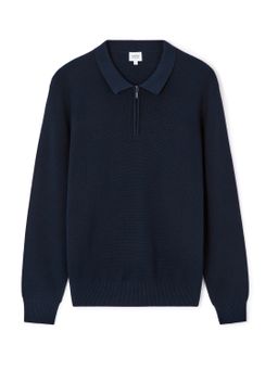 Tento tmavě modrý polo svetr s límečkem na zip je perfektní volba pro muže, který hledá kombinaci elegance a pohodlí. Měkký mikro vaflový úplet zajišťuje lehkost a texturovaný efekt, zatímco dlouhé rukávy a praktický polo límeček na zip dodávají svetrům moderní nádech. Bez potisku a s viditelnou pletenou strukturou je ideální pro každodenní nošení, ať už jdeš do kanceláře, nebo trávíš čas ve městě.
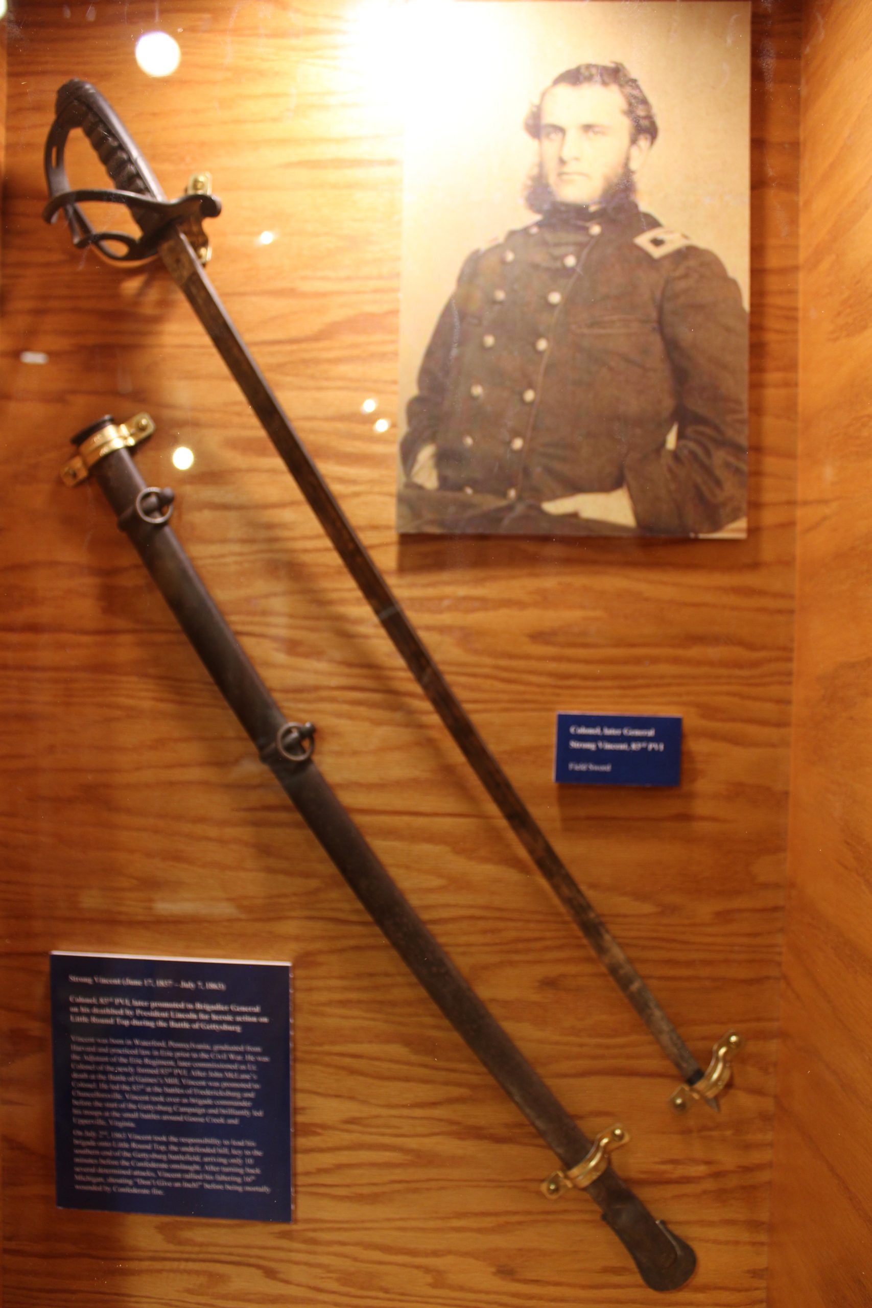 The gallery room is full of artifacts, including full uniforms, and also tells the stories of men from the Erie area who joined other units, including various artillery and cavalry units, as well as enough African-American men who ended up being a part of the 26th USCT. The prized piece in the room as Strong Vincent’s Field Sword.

--

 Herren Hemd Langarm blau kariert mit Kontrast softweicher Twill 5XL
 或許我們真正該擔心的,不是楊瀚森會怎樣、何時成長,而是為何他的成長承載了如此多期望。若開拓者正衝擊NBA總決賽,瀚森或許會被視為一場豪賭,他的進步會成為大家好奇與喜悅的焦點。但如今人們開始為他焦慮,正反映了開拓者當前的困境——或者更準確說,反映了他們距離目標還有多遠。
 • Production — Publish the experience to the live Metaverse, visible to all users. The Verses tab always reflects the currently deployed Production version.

---

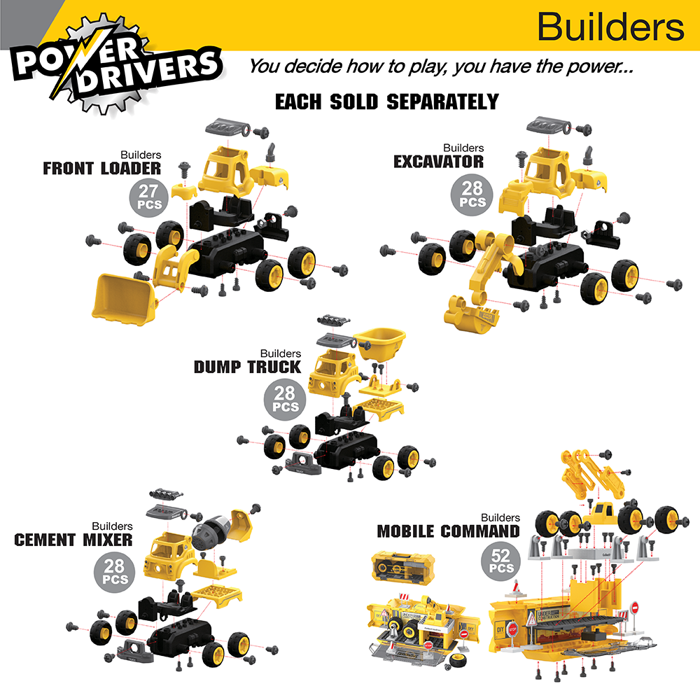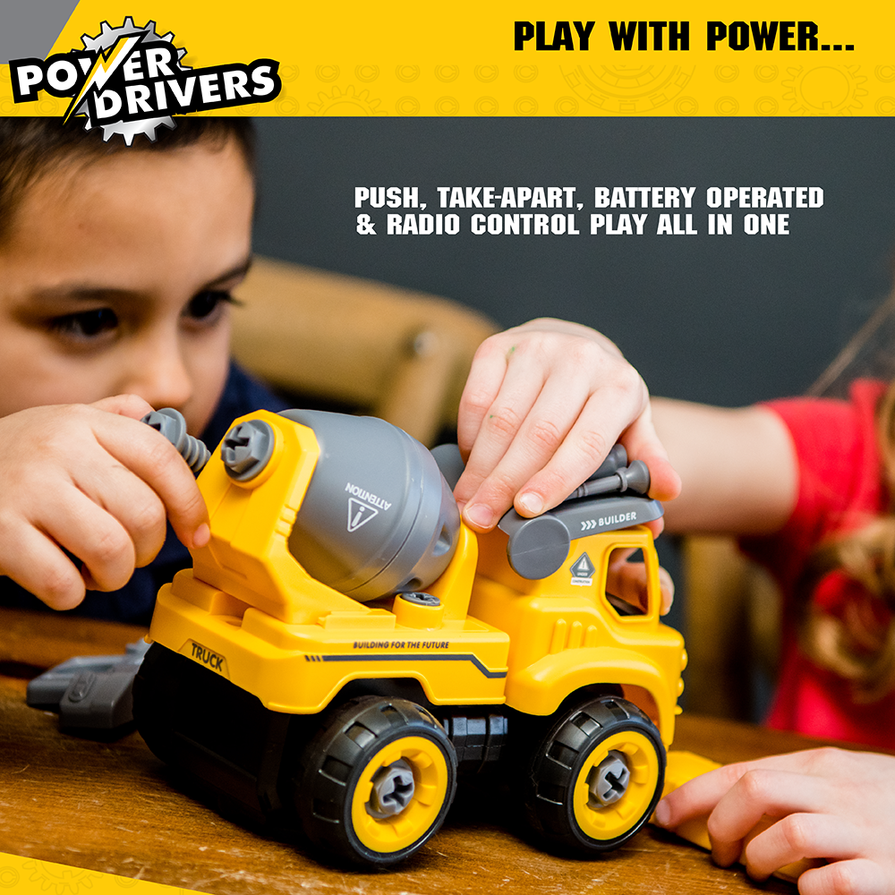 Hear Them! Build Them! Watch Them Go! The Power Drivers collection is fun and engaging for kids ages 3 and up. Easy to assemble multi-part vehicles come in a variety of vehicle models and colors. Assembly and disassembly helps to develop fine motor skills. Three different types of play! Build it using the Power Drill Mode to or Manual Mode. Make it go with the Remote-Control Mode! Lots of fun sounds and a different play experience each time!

▶ [WHAT IS BEING ASKED]: Everything from the line above that contains "Tento tmavě modrý" down to the line that contains "The gallery room" must be reproduced exactly, both ends included. Omit the pictures.

▶ [OUTPUT BELOW]:
 Tento tmavě modrý polo svetr s límečkem na zip je perfektní volba pro muže, který hledá kombinaci elegance a pohodlí. Měkký mikro vaflový úplet zajišťuje lehkost a texturovaný efekt, zatímco dlouhé rukávy a praktický polo límeček na zip dodávají svetrům moderní nádech. Bez potisku a s viditelnou pletenou strukturou je ideální pro každodenní nošení, ať už jdeš do kanceláře, nebo trávíš čas ve městě.
 The gallery room is full of artifacts, including full uniforms, and also tells the stories of men from the Erie area who joined other units, including various artillery and cavalry units, as well as enough African-American men who ended up being a part of the 26th USCT. The prized piece in the room as Strong Vincent’s Field Sword.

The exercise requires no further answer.